3 min Applications

Stack Exchange to experiment with AI answers after all

Stack Exchange to experiment with AI answers after all

Stack Exchange is experimenting with AI-generated answers, despite a continuing ban on the use of AI-generated content on Stack Overflow, the section of the site aimed at developers.

The Answer Assistant, referred to as a Labs experiment, uses AI-generated answers. However, it hides those until they are verified, edited and managed by the community, reports DevClass.

Limited number of sites

The introduction of Answer Assistant is being done cautiously. No doubt this is because of the sensitivity of this topic within the Stack Overflow community. The experiment will initially be limited to Stack Exchange sites where moderators have agreed to participate.

Sites can determine which questions AI-generated answers are allowed on. The AI answer will remain private until approved by users of sufficient reputation. Once verified, it becomes publicly visible and attributed to an answer-bot.

The experiment will appear on only a few Stack Exchange sites. Namely Arts and Crafts, Raspberry Pi and User Experience. The Stack Overflow developer site is not yet included. There are hundreds of Stack Exchange sites on topics ranging from coffee to 3D printing, but Stack Overflow is by far the largest, with 1,200 questions per day compared to 155 per day for the second most popular site (Mathematics).

Fewer unanswered questions

Because of Stack Overflow’s dominance within Stack Exchange, it is unlikely that a major new feature such as this one will not eventually land there, should the experiment be put into production. According to the official announcement, the Answer Assistant’s goal is to reduce the number of unanswered questions. And to increase participation within each community.

The context of this is that traffic to Stack Overflow is decreasing significantly. This is probably because developers are using AI assistants directly from their IDE rather than visiting the site. Stack Overflow has already positioned itself as a data source for AI assistants.

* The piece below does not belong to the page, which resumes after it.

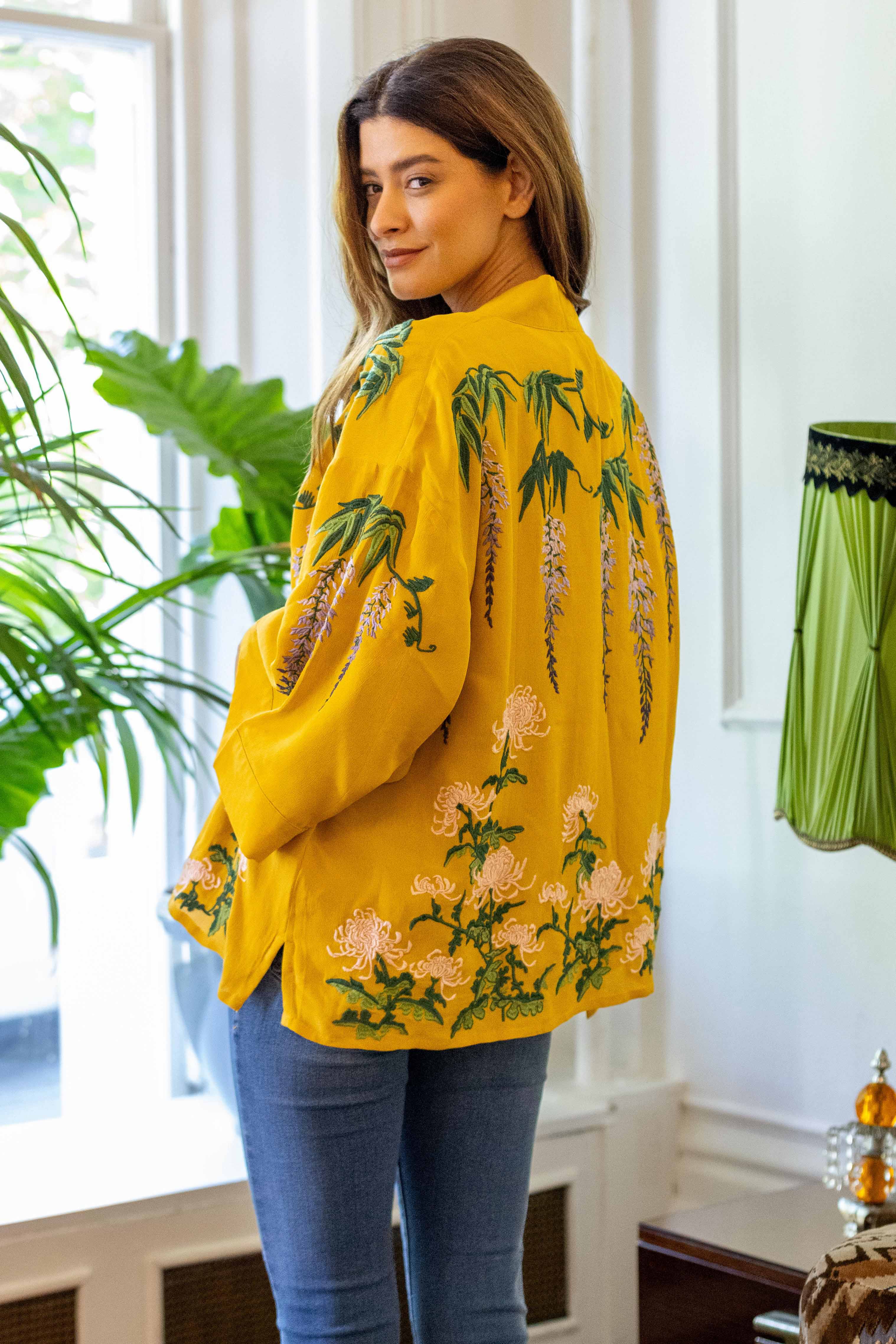 Wisteria & Chrysanthemum Embroidered Mustard Fully Lined Short Kimono

It also uses AI to help users formulate questions through its experimental Question Assistant.

Users expect human answers

Until now, however, the site has rejected AI-generated content. The ban was imposed in 2022, with a document explaining that AI content is inappropriate for use on Stack Overflow. Users expect human-written answers, and AI cannot reliably cite sources. The paper also stressed that AI answers are readily available elsewhere, and that if a user wanted an AI answer, they probably would have already searched for one.

Another issue is the extent to which AI answers might be influenced by data coming from Stack Exchange itself. Using AI trained on AI-generated data is risky. A study from Rice University in Houston, Texas concluded that without enough new, real data in each generation of a cycle, future generative models are doomed to decline in quality (precision) or diversity (variation).

As an experiment, Answer Assistant may never be widely rolled out. Still, it may seem like a tempting strategy for the site in response to declining traffic. The Stack Exchange team has posted an introduction to the Answer Assistant in the Meta Stack Exchange forum. The response so far has been largely negative.